Excerpts From the Book

Chapter 1: I learned that two hundred miles are not always merely two hundred miles, that it may be five hours or ten hours or two days away. And this you do not learn from a map. You taste the dust, broil during long days across desert and steppe, sleep in strange often dirty places, get ill from the food, go weeks without a proper bath–are generally exposed to all the things that keep some people coming home but make others, like me, confirmed travelers. For in all this you learn, and grow, and meet people, and begin to understand.

Chapter 6: In the evening light I passed a few indians in the alley outside Mr. Patel’s office. Further along, the main street was alive with strolling Europeans. Yet this is Africa, I reminded myself. What of the Africans? Kenya is their country, and the aims of the British government, at least as stated in 1923, recognize the preeminence of African interests. Next day I walked into the office of the Municipal Officer for African Affairs, Mr. E. C. Eggins, and asked him what the government was doing in Mombasa for the Africans

Chapter 8: Kilimanjaro floated in and out of her mists as we sped on newly laid tarmac toward Arusha. The thrill of her snowcovered eminence only increased with each glimpse, and we stopped a dozen times for photographs.

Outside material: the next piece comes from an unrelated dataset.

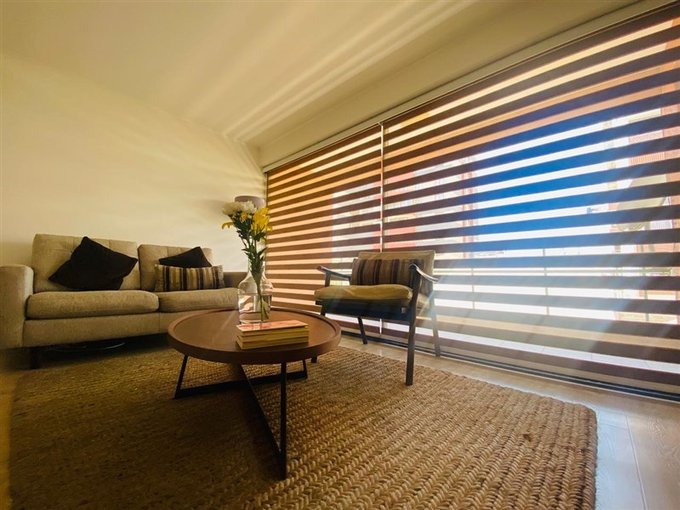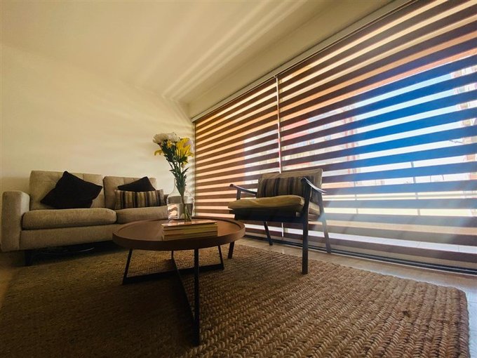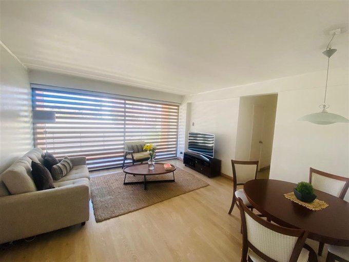 amoblado con un cómodo sofá, mesa de comedor y sillas.
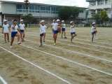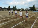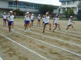 放課後、校庭では4年生以上が陸上練習に頑張っていました。今日は、リレーのメンバーを決めるためのタイムもとります。そのためには、基本が大切です。

Chapter 16: In the Belgian Congo, we had been invited to visit the plantation owned by Maurice de San, brother of Louis de San who was the Belgian Charge d’affaires in New Delhi in 1952. I was anxious to hear what a resident thought about the way colonialism was practiced here. The several British civil servants who mentioned the Congo during interviews in Kenya and Uganda strongly disagreed with what they considered to be the Belgian’s heavy-handed policies to control the natives and limit their education.